However, if you get at least one request every 15 mins then you will pay for 24 hours and it is ~3X more expensive then equivalent VM on Google Cloud.

krembo

How does that compare to spinning up some ec2s with amazon trainium gpus?

mgraczyk

Depending on your model, you may spend a lot of time trying to get it to work with Trainium

icedchai

Cloud Run is a great service. I find it much easier to work with than AWS's equivalent (ECS/Fargate.)

psanford

AWS AppRunner is the closest equivalent to Cloud Run. Its really not close though, AppRunner is an unloved service at AWS and is missing a lot of the features that make Cloud Run nice.

vrosas

AppRunner was Amazon's answer to AppEngine a full decade+ later. Cloud Run is miles ahead.

romanhn

I agree with the unloved part. It was a great middle ground between Lambda and Fargate (zero cold start, reasonable pricing), but has seemingly been in maintenance mode for quite a while now. Really sad to see.

gabe_monroy

i am biased, but i agree :)

icedchai

hah. I looked at your comments and saw you were a google VP! I've migrated some small systems from AWS to GCP for various POCs and prototypes, mostly Lambda and ECS to Cloud Run, and find GCP provides a better developer experience overall.

ashishb

Yeah, anyone who uses GCP and AWS thoroughly will agree that GCP is a superior developer experience.

The problem is continuous product churn. This was discussed at length at https://news.ycombinator.com/item?id=41614795

AChampaign

I think Lambda is more or less the AWS equivalent.

icedchai

It's not. Cloud Run can be longer running: you can have batch and services. Lambda is closer to Cloud Functions.

ZeroCool2u

I think Cloud Run Functions would be the direct equivalent to Lambda.

shiftyck

Eh idk Cloud Run is much better suited to long running instances than Lambda. You would use Cloud Functions for those types of workloads in GCP.

mountainriver

The problem is you can't reliably get VMs on GCP.

All the major clouds are suffering from this. AWS you can't ever get an 80gb gpu without a long term reserve and even then it's wildly expensive. GCP you can sometimes but its also insanely expensive.
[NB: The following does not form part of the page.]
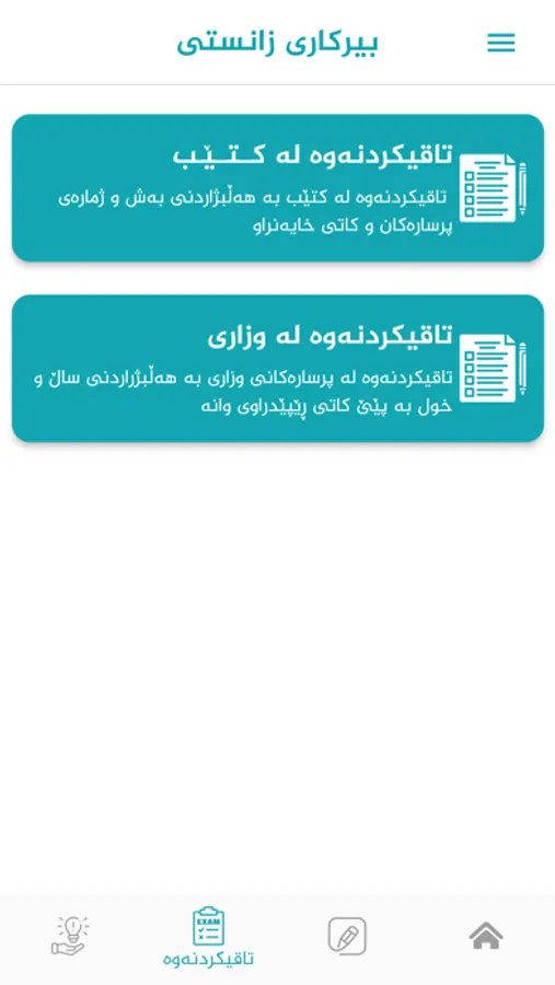 بەشی تاقیکردنەوە : ئەم بەشە تایبەتە بە ئەنجامدانی تاقیکردنەوە لەسەر پرسیارە گرنگەکانی ناو کتێب بە هەڵبژرادنی بەش و ژمارەی ئەو پرسیارەکان و کاتی تاقیکردنەوە، هەروەها تاقیکردنەوە لە پرسیارەکانی وزاری بە شێوەی هەڵبژراردنی ساڵ و خول (خولی یەکەم، خولی دووەم، بەرایی) وە کاتی تاقیکردنەوەی ئەزموونە گشتەکانمان لە وانەکە داناوە بۆ مۆدی تاقیکردنەوەی پرسیارەکانی وزاری بۆ ئەوەی قوتابیان و خوێندکاران وا هەست بکەن و ئەزموون بکەن کە لە تاقیکردنەوەی ئەزموونە گشتیەکاندان.

These companies claim to be "startup friendly", they are anything but. All the neo-clouds somehow manage to do this well (runpod, nebius, lambda) but the big clouds are just milking enterprise customers who won't leave and in the process screwing over the startups.

This is a massive mistake they are making, which will hurt their long term growth significantly.

covi

To massively increase the reliability to get GPUs, you can use something like SkyPilot (https://github.com/skypilot-org/skypilot) to fall back across regions, clouds, or GPU choices. E.g.,

$ sky launch --gpus H100

will fall back across GCP regions, AWS, your clusters, etc. There are options to say try either H100 or H200 or A100 or <insert>.

Essentially the way you deal with it is to increase the infra search space.

rendaw

We've hit into this a lot lately too, even on AWS. "Elastic" compute, but all the elasticity's gone. It's especially bitter since splitting the costs for spare capacity is the major benefit of scale here...

mountainriver

Enterprises are just gobbling up all the supply on reserves so they see no need to lower the price.

All the while saying they are "startup friendly".

dconden

Agreed. Pricing is insane and availability generally sucks.

If anyone is curious about these neo-clouds, a YC startup called Shadeform has their availability and pricing in a live database here: https://www.shadeform.ai/instances

They have a platform where you can deploy VMs and bare metal from 20 or so popular ones like Lambda, Nebius, Scaleway, etc.

bodantogat

I had the opposite experience with cloud run. Mysterious scale outs/restarts - I had to buy a paid subscription to cloud support to get answers and found none. Moved to self managed VMs. Maybe things have changed now.

PaulMest

Sadly this is still the case. Cloud Run helped us get off the ground. But we've had two outages where Google Enhanced Support could give us no suggestion other than "increase the maximum instances" (not minimum instances). We were doing something like 13 requests/min on this instance at the time. The resource utilization looked just fine. But somehow we had a blip in any containers being available. It even dropped below our min containers. The fix was to manually redeploy the latest revision.

We're now investigating moving to Kubernetes where we will have more control over our destiny. Thankfully a couple people on the team have experience with this.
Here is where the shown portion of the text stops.